** Opening Data for processing block **

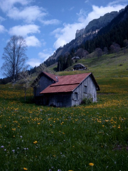 The second part of our hiking became finally a bit adventerous. Although it was clear that we wanted to go down to the little town Schüpfheim and go back from there with the train, it turned out that to find the way down was not so easy. We had only a very rough map printed out from the Internet, and the way we planned to go was not marked. The marked way to Schüpfheim however went always up instead of down. Nevertheless we stayed on it, since it was more secure to follow the signs than to get lost in side valleys. In the end we had to climb the top a mountain from where you could look 700 meters down to the villlage (photo on the left). So our trip became a bit harder than expected and we were rather tired afterwards. But it was a very nice day. |
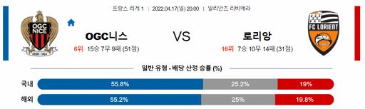 프랑스 리그앙 4월 17일 20:00 OGC 니스 : FC 로리앙
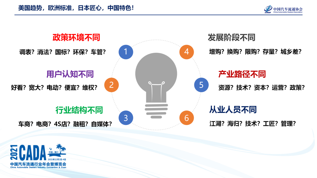德国、美国的东西,我觉得中国是不一样,我们可以借鉴但是不能照搬,我们跟国外比我们的政策环境是不一样的,比如说二手车我们有租赁运营、网约什么的,很多国家是没有的,而我们的消费者方面的维权法规都完全不一样。
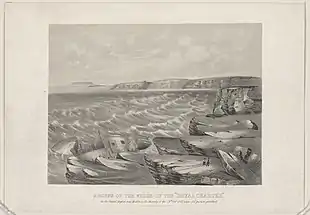 The Royal Charter was a steam clipper which was wrecked off the beach of Porth Helaeth[1] in Dulas Bay on the northeast coast of Anglesey, Wales on 26 October 1859. About 450 lives were lost,[2] the highest death toll of any shipwreck on the Welsh coast. The precise number of dead is uncertain as the complete passenger list was lost in the wreck, although an incomplete list (not including those who boarded just before departure) is retained in the Victorian Archives Centre in Victoria, Australia. The Royal Charter was the most prominent among about 200 ships wrecked by the Royal Charter Storm.
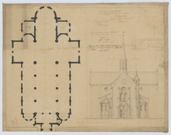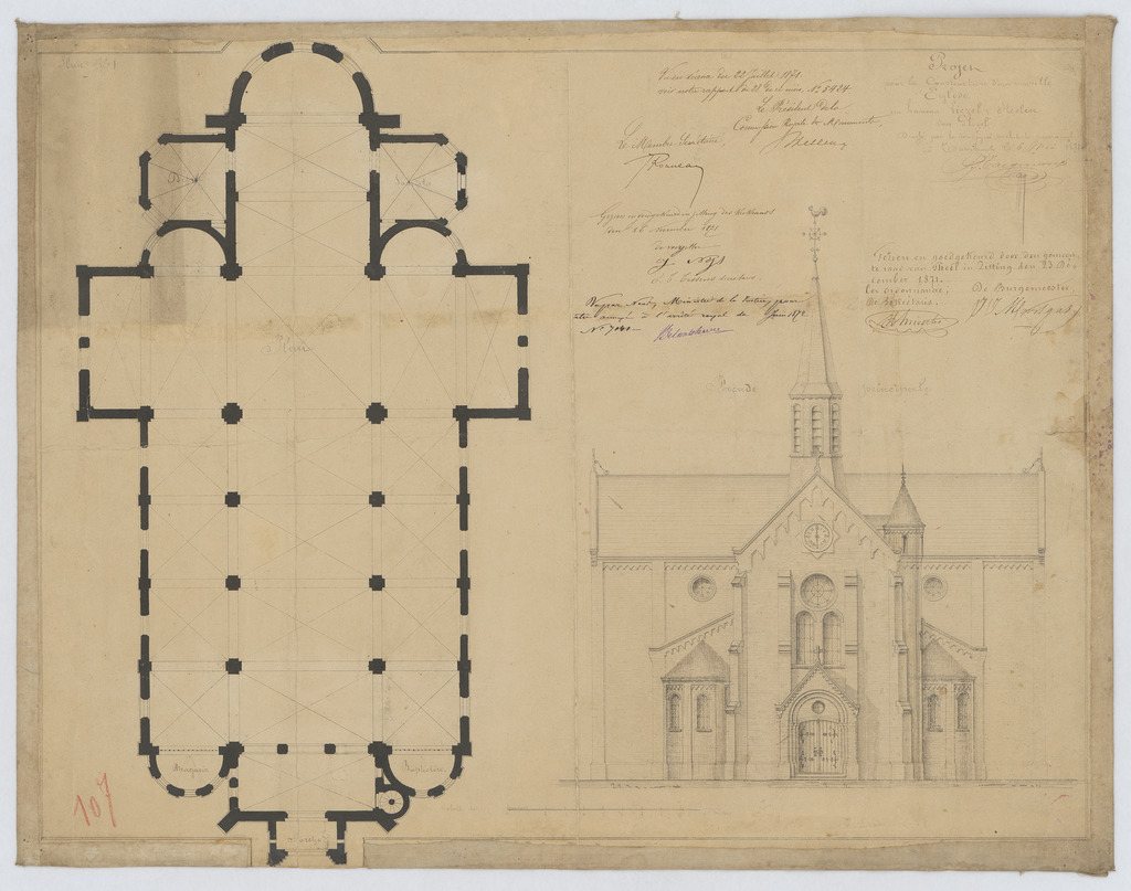 Opschrift: Projet pour la construction d'une nouvelle Eglise au hameau de Liezel & Steelen sous Gheel. Omschrijving plan: plattegrond niveau 0, opstand voorgevel Datum KCML: 22/07/1871 Archiefnummer: A0688

** Closing Data for processing block **

▶ Task brief: Please retype the records above exactly, excluding every picture.

▶ Task response:
 The second part of our hiking became finally a bit adventerous. Although it was clear that we wanted to go down to the little town Schüpfheim and go back from there with the train, it turned out that to find the way down was not so easy. We had only a very rough map printed out from the Internet, and the way we planned to go was not marked. The marked way to Schüpfheim however went always up instead of down. Nevertheless we stayed on it, since it was more secure to follow the signs than to get lost in side valleys. In the end we had to climb the top a mountain from where you could look 700 meters down to the villlage (photo on the left). So our trip became a bit harder than expected and we were rather tired afterwards. But it was a very nice day. |
 프랑스 리그앙 4월 17일 20:00 OGC 니스 : FC 로리앙
德国、美国的东西,我觉得中国是不一样,我们可以借鉴但是不能照搬,我们跟国外比我们的政策环境是不一样的,比如说二手车我们有租赁运营、网约什么的,很多国家是没有的,而我们的消费者方面的维权法规都完全不一样。
 The Royal Charter was a steam clipper which was wrecked off the beach of Porth Helaeth[1] in Dulas Bay on the northeast coast of Anglesey, Wales on 26 October 1859. About 450 lives were lost,[2] the highest death toll of any shipwreck on the Welsh coast. The precise number of dead is uncertain as the complete passenger list was lost in the wreck, although an incomplete list (not including those who boarded just before departure) is retained in the Victorian Archives Centre in Victoria, Australia. The Royal Charter was the most prominent among about 200 ships wrecked by the Royal Charter Storm.
 Opschrift: Projet pour la construction d'une nouvelle Eglise au hameau de Liezel & Steelen sous Gheel. Omschrijving plan: plattegrond niveau 0, opstand voorgevel Datum KCML: 22/07/1871 Archiefnummer: A0688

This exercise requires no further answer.